**Problem to work on**. Exactly the lines starting at the line containing "MÉXICO, D.F., 27JULIO2011.- Alvaro" and ending at the line containing "각 노드의 거리값은 '레스토랑'" are to be written out from the listing below, both included.

**Information given**.
^^^^^^^^^^^^^^^^
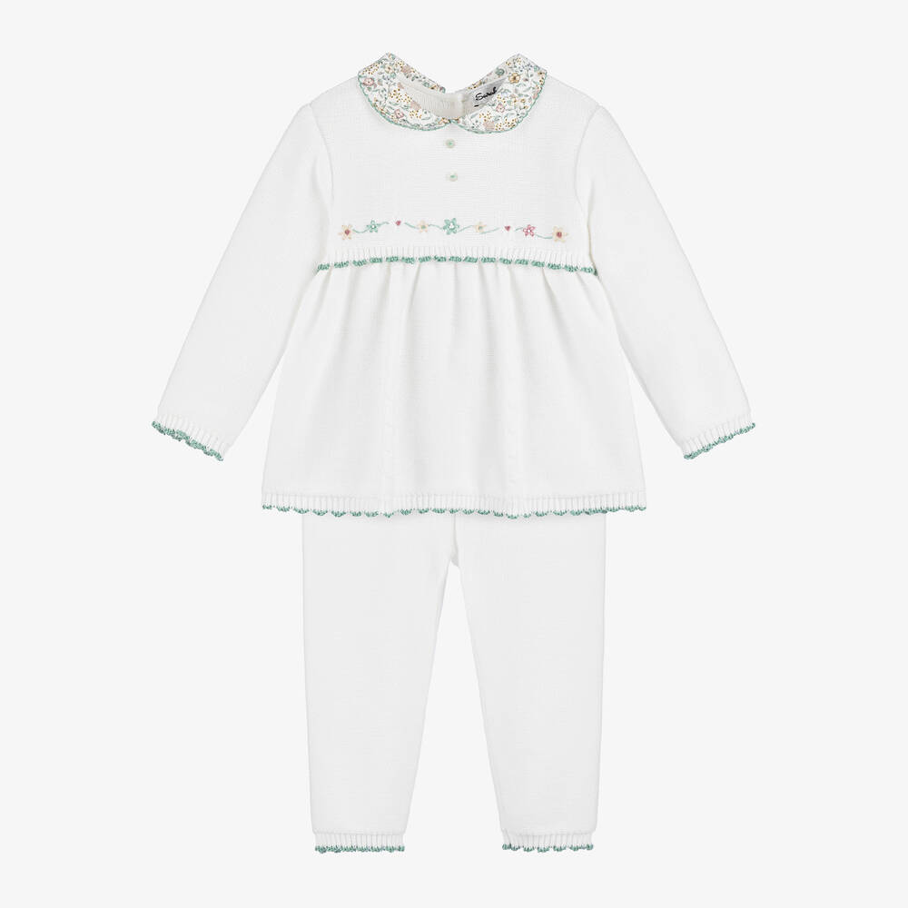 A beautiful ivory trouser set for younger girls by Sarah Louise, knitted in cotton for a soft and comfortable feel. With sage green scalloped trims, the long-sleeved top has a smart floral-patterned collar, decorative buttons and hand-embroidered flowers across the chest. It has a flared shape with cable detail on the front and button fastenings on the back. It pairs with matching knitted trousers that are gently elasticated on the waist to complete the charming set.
^^^^^^^^^^^^^^^^
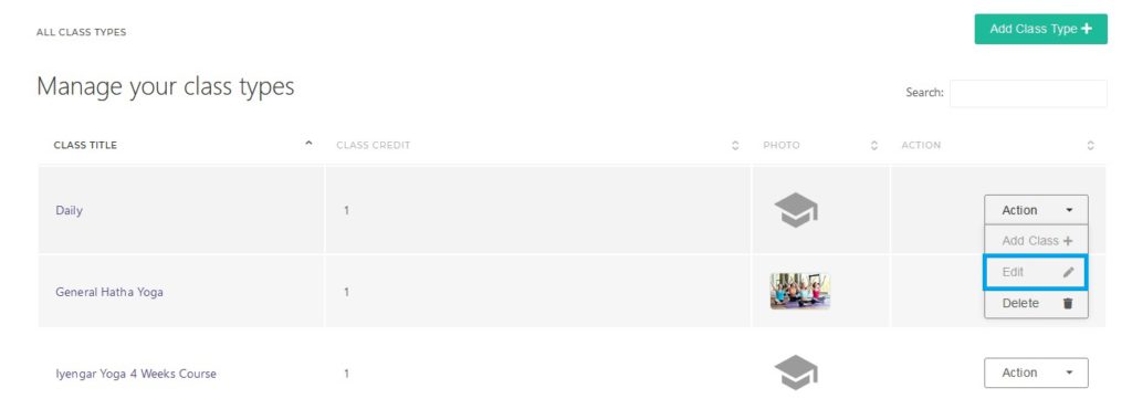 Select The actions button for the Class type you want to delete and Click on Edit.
^^^^^^^^^^^^^^^^
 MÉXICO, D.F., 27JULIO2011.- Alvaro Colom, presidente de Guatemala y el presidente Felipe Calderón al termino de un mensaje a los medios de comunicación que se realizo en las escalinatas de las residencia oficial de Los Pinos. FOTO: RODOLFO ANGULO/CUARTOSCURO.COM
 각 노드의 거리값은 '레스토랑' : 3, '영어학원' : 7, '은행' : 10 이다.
^^^^^^^^^^^^^^^^
**Solution to the exercise**.
 MÉXICO, D.F., 27JULIO2011.- Alvaro Colom, presidente de Guatemala y el presidente Felipe Calderón al termino de un mensaje a los medios de comunicación que se realizo en las escalinatas de las residencia oficial de Los Pinos. FOTO: RODOLFO ANGULO/CUARTOSCURO.COM
 각 노드의 거리값은 '레스토랑' : 3, '영어학원' : 7, '은행' : 10 이다.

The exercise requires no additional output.